Finally I noticed it was 7 and I still had about 10 blocks left to go before I was home. I started looking for candles. At first I didn't see any, no one seemed to be putting them outside. But it's a windy night and foggy, so I could understand since the candles probably wouldn't stay lit. Then I saw a small family with candles standing in front of their house. Then another. Then a group of women. I looked up and saw candles in windows. I walked down the streets, snapping pictures, tears welling up, feeling choked up with emotion I was again surprised was so strong.

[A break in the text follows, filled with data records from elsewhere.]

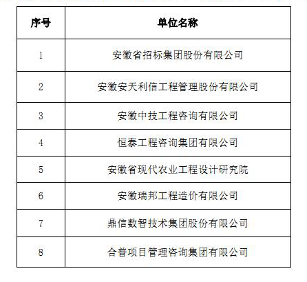 经过农垦集团公司组织评审,择优确定了8家招标代理机构进入安徽农垦招标代理机构库,现将入库名单公告如下:
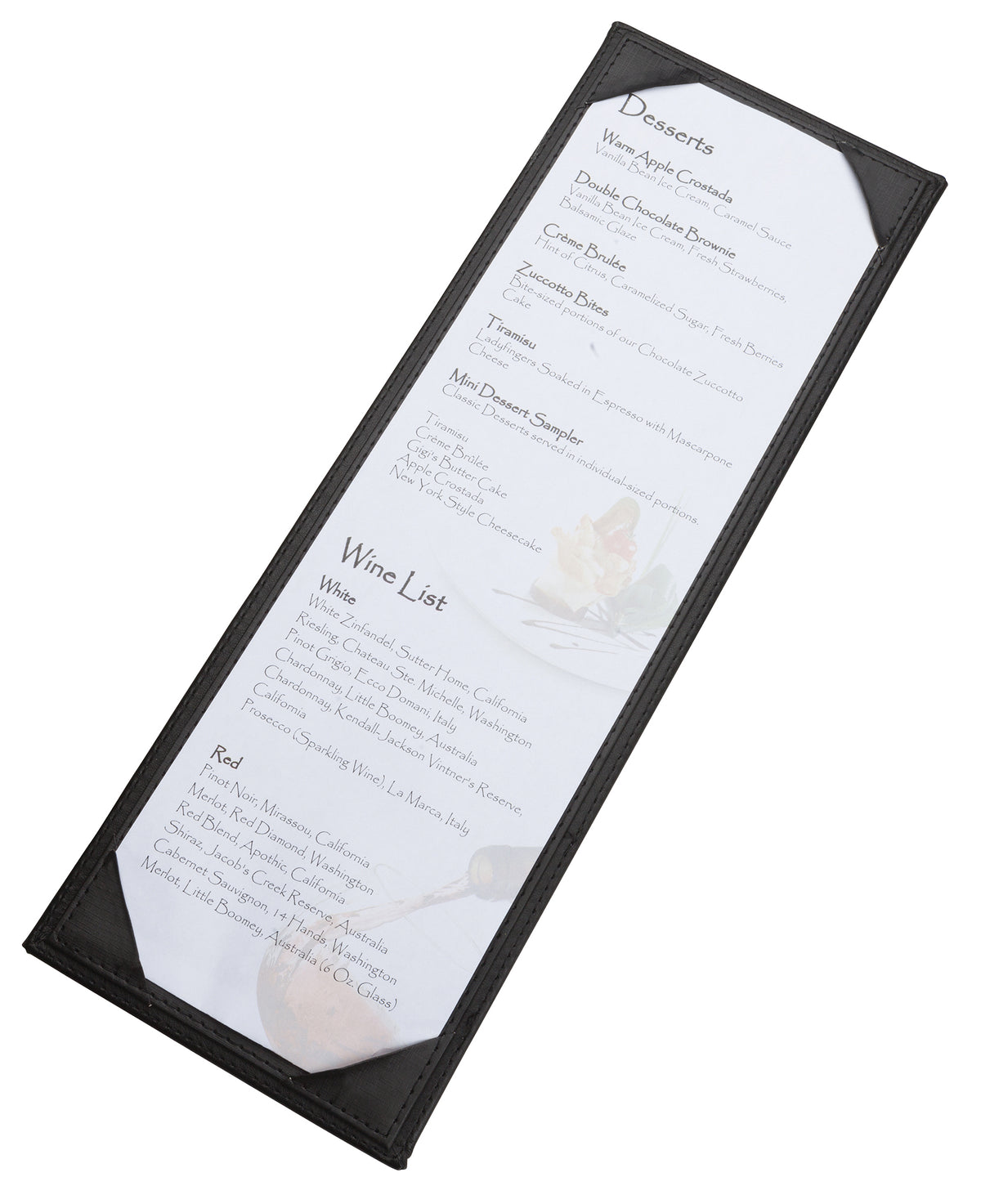 • Features secure interior picture corners • Available for both letter and legal size pages • Three neutral color choices and patterns • Most common sizes and page configurations available • Great for lunch or tapas menus, drink specials and desserts • LMS-414BK fits 4-1/2" x 14" paper • LMS-811 series fits 8-1/2" x 11" letter size paper • LMS-814 series fits 8-1/2" x 14" legal size paper
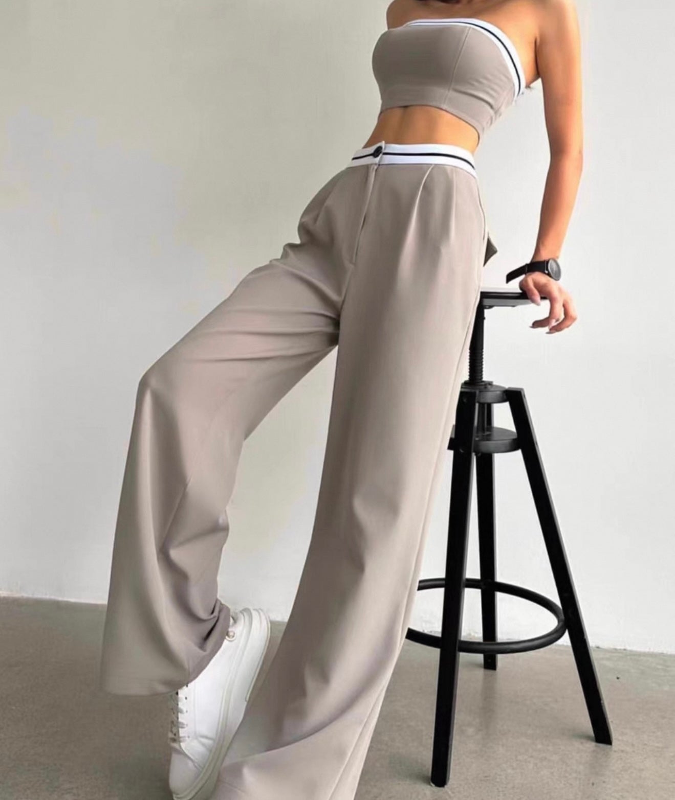 Zweiteiliges Set bestehend aus einem schmal geschnittenen Bandeau-Top und einer weit fallenden High-Waist-Hose mit sportlichem Bunddetail. Perfekte Verbindung von Komfort, Eleganz und urbanem Chic – ideal für stilbewusste Looks im Alltag oder auf Reisen.
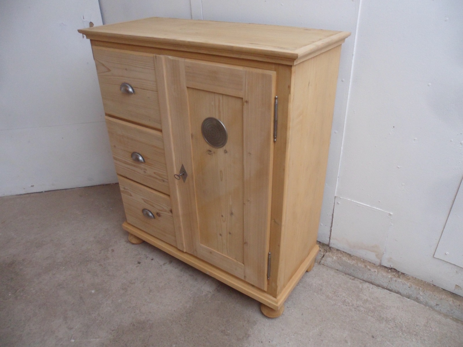 Pretty 1920s Old Pine 3 Drawer Kitchen Food Cupboard to wax / paint

I have found myself welling up, choking up, several times a day as I hear some new story of someone talking about a loved one, holding the picture of a loved one up to a camera in hopes that someone has seen them, accepting the loss of a loved one. I cried along with a CEO on TV talking about how he lost most of his workers, over 700, who were on the 101st floor and above. He was only alive because he'd taken his son to his first day of kindergarten that morning and was running late for work. I cringed as he talked about running up to the tower and shaking every person who came out, asking them what floor they were on. His words kept ringing in my ears, "I got up to 91, I got up to 91."
Now I'm getting choked up by the moving tributes, the level of devotion and patriotism and love that's being shown by seemingly everyone in our country and in many others. I was instant messengering with my dad this afternon and he told me about the memorial service he'd gone to in the courtyard at the Federal Building in SF. He told me about a long moment of silence in the packed courtyard, then a woman's voice rising up acapella singing "America". Then they played Ray Charles' blues version of "America" as they filed out. It was so SF. I nearly cried just reading his story. Such a beautiful image for such a horrible reason.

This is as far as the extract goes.